While volatility in quarterly production numbers has been “a challenge for the story,” due to outages and third-party pipeline issues offshore, Magner still sees fiscal-year 2013 (ending June 30, 2013) volumes averaging 45,900 barrels equivalent per day, up 4.1% from prior-year levels.

One benefit from its offshore production is that about two-thirds is comprised of Heavy Louisiana Sweet, a grade that is expected to hold up better than Louisiana Light Sweet as growing U.S. crude production displaces imported light crude grades.

In terms of the company’s enterprise valueto-2013 EBITDA, Energy XXI trades at a 3.1x multiple and has about 22% upside to a price target of $41.

Gulf Coast prospects

Nick Pope, managing director with Dahlman Rose & Co., favors another Gulf Coast operator, EPL Oil & Gas Inc., New Orleans, because of its deep inventory of oil opportunities, strong capability to generate free cash flow, and disciplined acquire-and-exploit strategy. After a strong 2012 performance for EPL, Pope still sees attractive prospects for the company over the longer term in a robust oil environment. Oil accounted for about 70% of production at year-end 2012.

EPL’s latest foray on the acquisition front was the purchase of Hilcorp’s Gulf of Mexico shelf assets for $550 million in mid-2012. The deal translated to $55,000 per flowing barrel compared with $90,000 for EPL at the time. EPL has identified about 90 low-risk opportunities—typically either behind-pipe or proved undeveloped (PUD) locations—and these are expected to increase with new 3-D seismic and reprocessing. The former Hilcorp assets are expected to claim about $100 million of a total $300-million capex budget in 2013. Overall production is projected to be up over 70% following the acquisition.

Pope points to EPL management’s efforts in aggressively lowering costs and generating cash to bring down debt, as well as the fact that the company has underspent cash flow in each of the last few years.

“They really have done a great job of generating a lot of free cash flow, while also doing these ‘tack-on’ acquisitions that fit well into the company’s portfolio at fairly low costs. The discipline that they have been showing has turned into a real positive for them,” he says.

At $715 million, total debt is about 2.5x 2012 EBITDA—toward the high end of where EPL likes to be—but is closer to 1.5x on 2013 EBITDA. For 2013, Pope projects EPL will generate cash flow topping $430 million, allowing it to pay down some $120 million in debt after capex of $300 million.

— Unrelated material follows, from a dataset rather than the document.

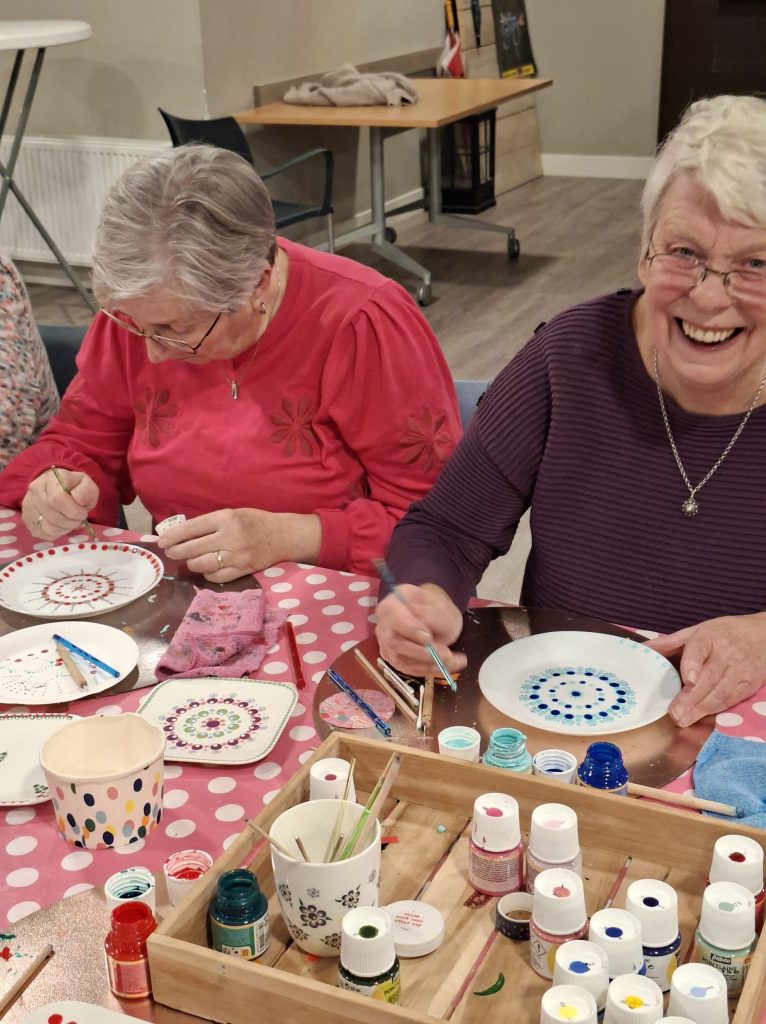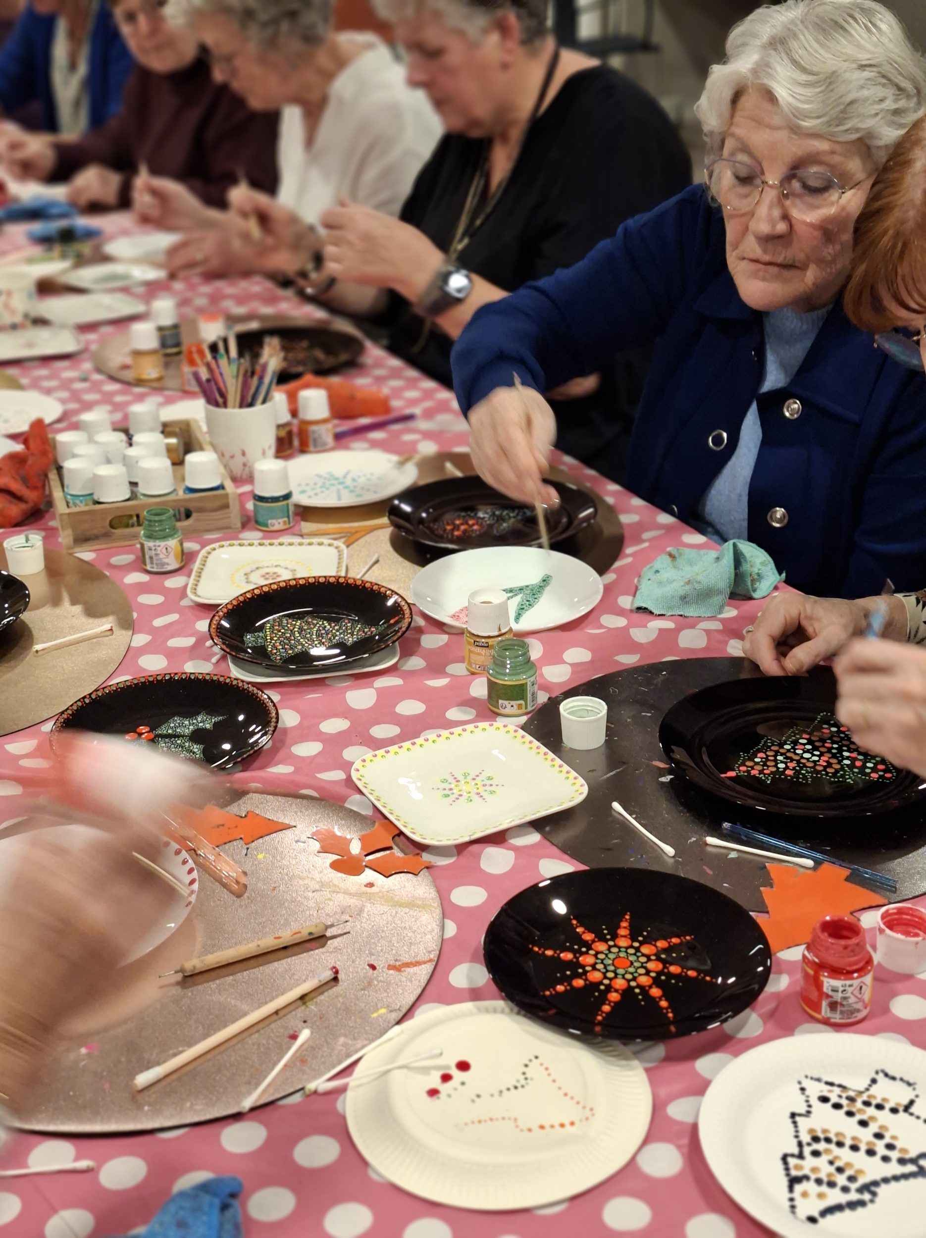 Het was een gezellige en inspirerende avond bij Vrouw Actief Hengevelde (V.A.H.). Onder begeleiding van een ervaren docente leerden de dames alle technieken en handigheidjes om porseleinen voorwerpen te voorzien van mooie, persoonlijke stippen.

Over $100 million of free cash generated by a company with an equity market capitalization of under $1 billion represents a greater-than-10% free-cash-flow yield in 2013, notes Pope.

“It’s a debt paydown story. In this oil environment, they’re letting that high oil price flow straight to the balance sheet,” observes Pope. And in a market in which investors are putting greater value on yields, it’s “pretty good option whenever you have a company generating over 10% free-cash-flow yield, even after the move that they have had.”

Pope likes management for its straightforward approach. “They’re solid operators. They’re keeping it very disciplined. They’re not trying to be anything they’re not. If you are positive on oil prices and the Gulf Coast, you’re seeing them reap the benefits. Plus, after the acquisition, production is up 70%.”

EPL has about 60% of its overall production hedged. Pope’s target on the stock is $24.